Re: "Hu! Hu! Ha!", czyli zimowe płyty...na lata.

Post autor: B.J. »

Znam gościa :!: :)
Ale ja tak nie mam, żebym jakieś takie zimówki cyklicznie zarzucał. Po sięgnięciu w czeluście mej wewnętrznej pustki dotarłem jedynie do czegoś, co kiedyś Włodek polecił i rzeczywiście czasem okołoświątecznie wracam.
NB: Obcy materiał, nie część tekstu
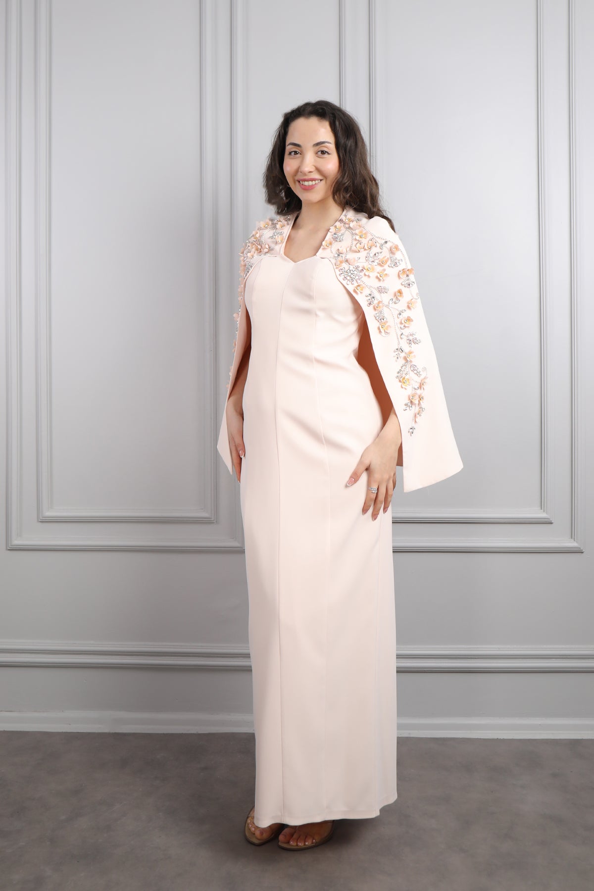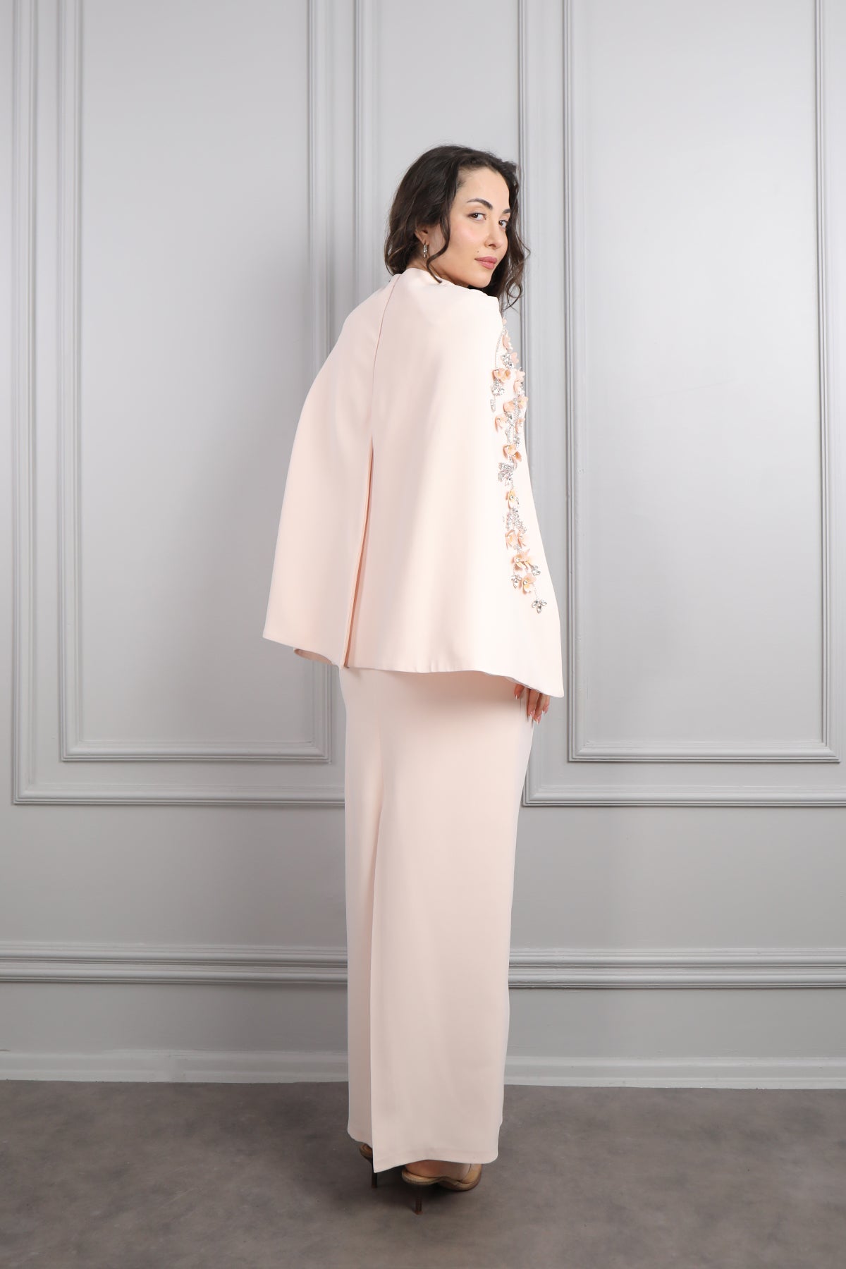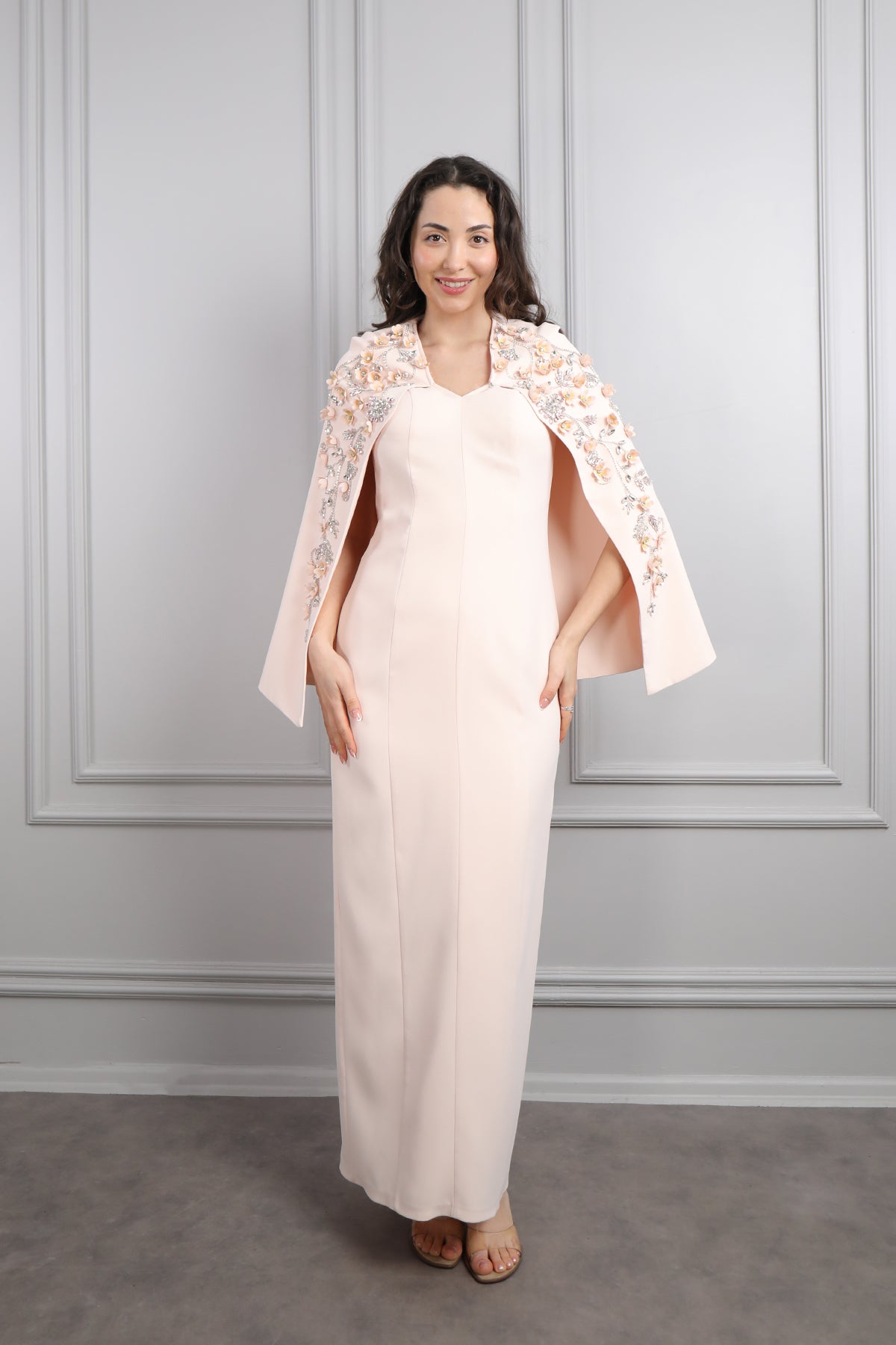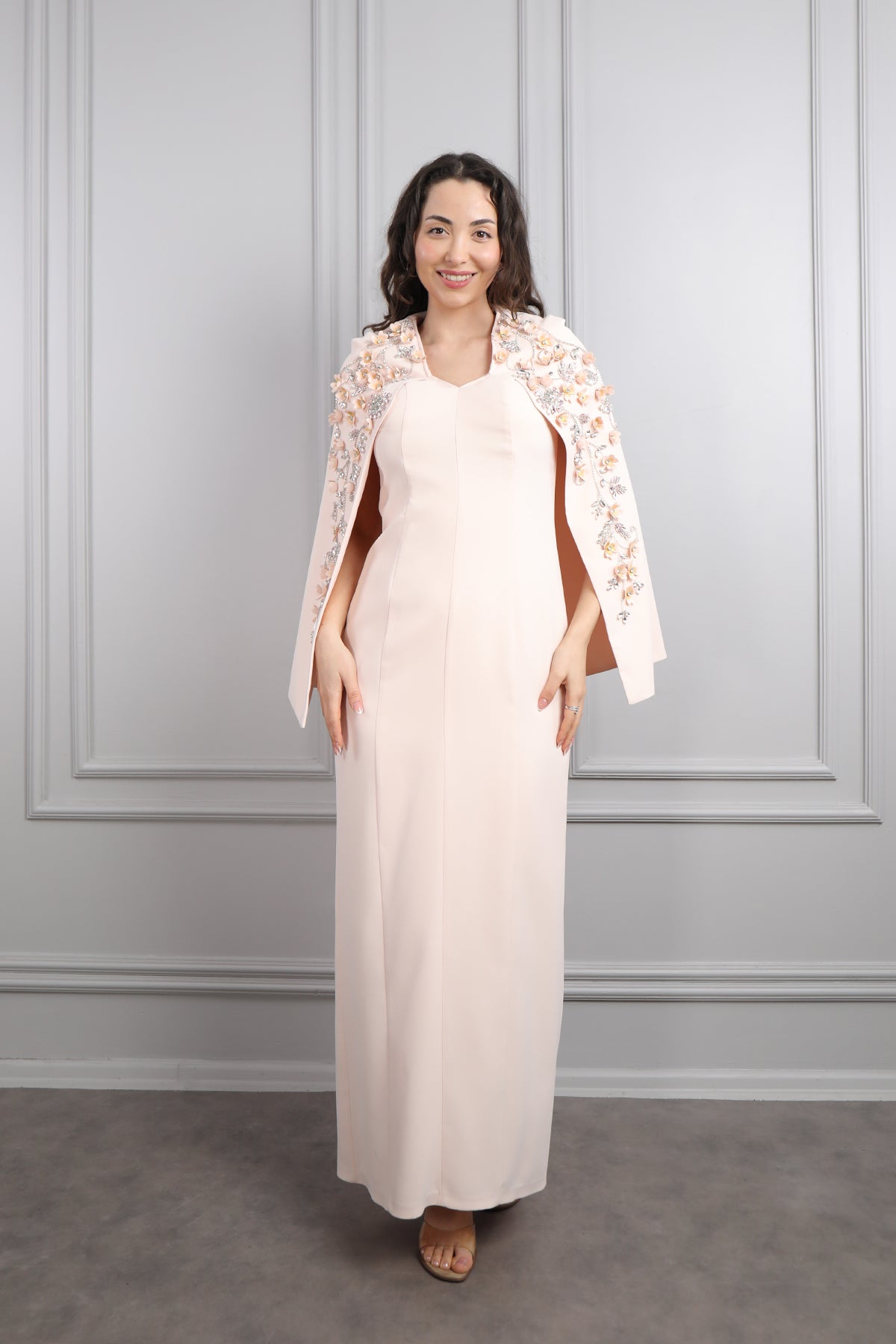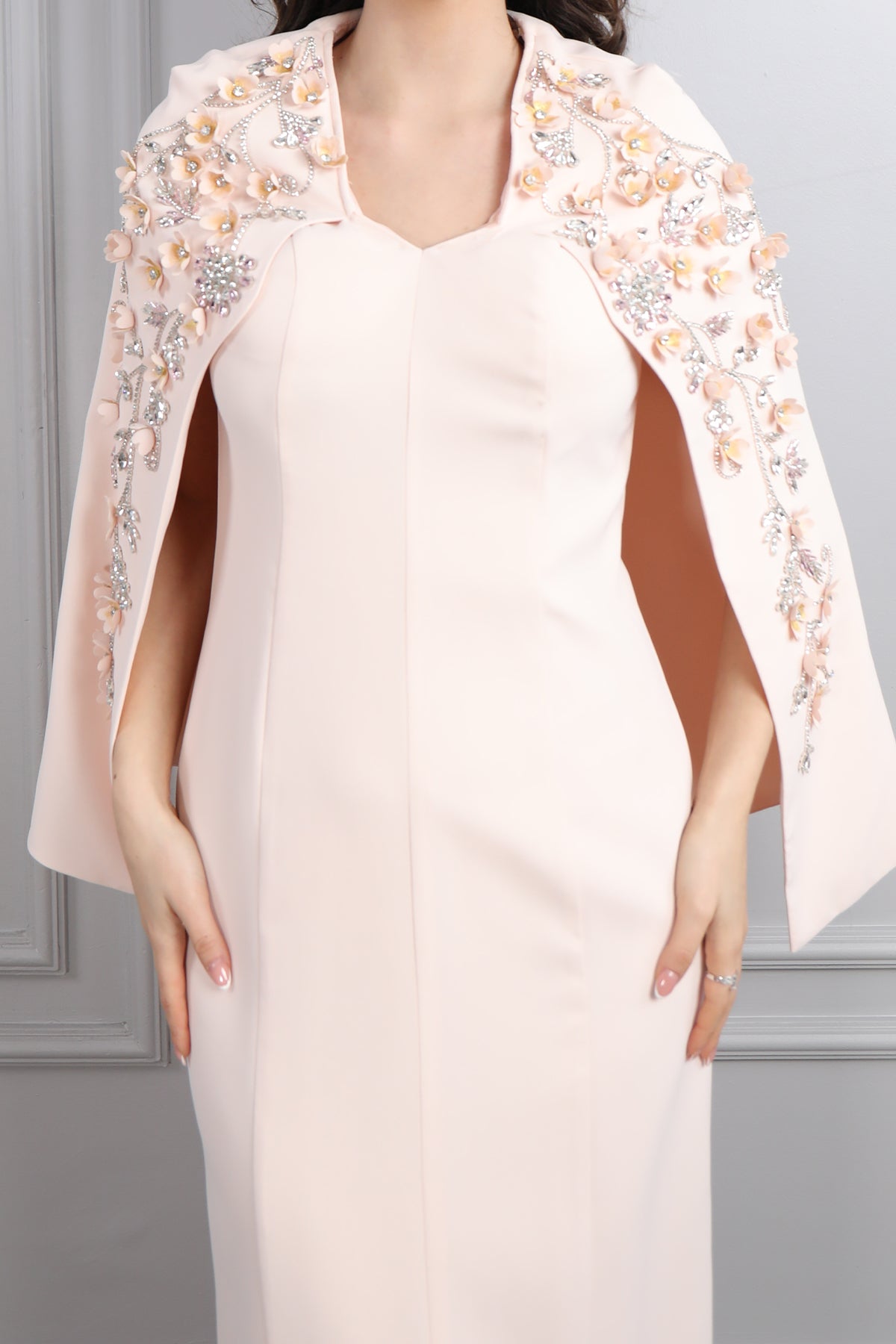 V Yaka Pelerini Taş Ve Çiçek Detaylı Büyük Beden Abiye Pembe Özellikleri

Dodałem link do poniższego opisu, a czy to rzeczywiście są kolędy, oceńcie sami.
Włodek pisze:Idą święta więc pora na muzykę w świątecznym klimacie:
Various Artists - Heavy Christmas (1971)

1. Libido - Evolution
2. Marcel - God Rest Ye Merry Gentlemen
3. Joy Unlimited - All Heaven And All Earth Are Silent
4. Virus - Mary Meets Tarzan
5. Dies Irae - Silent Night
6. Libido - Come On Everybody
7. Ardo Dombec - Heavenly Rose
8. Dies Irae - Sheperd's Song
9. Ardo Dombec - Open The Door, Open Your Mind
10.Virus- X-mas Submarine
11.Flute & Voice - Ecce Navicule
12. Libido - Come On Everybody - Special Radio Version

Jak widać powyżej jest to składanka, zawieraj kompozycje, które nie ukazały się na oficjalnych albumach i powstały specjalnie na to wydawnictwo. Nagrały je niemieckie grupy - nazwy są oczywiście znane na FD więc wiadomo jakiej muzyki się spodziewać - pragnę jednak zauważyć, że są to kolędy! Płyta moim zdaniem jest fenomenalna i polecam ją każdemu jako odskocznię od tego czym w przedświąteczny czas raczy nas radio czy markety. Odradzam jednak głośny odsłuch tuż przed kolacją wigilijną żeby nie zmącić nastroju.

CD wydany w 1997 roku przez Second Battle jest dostępny tylko z drugiej ręki.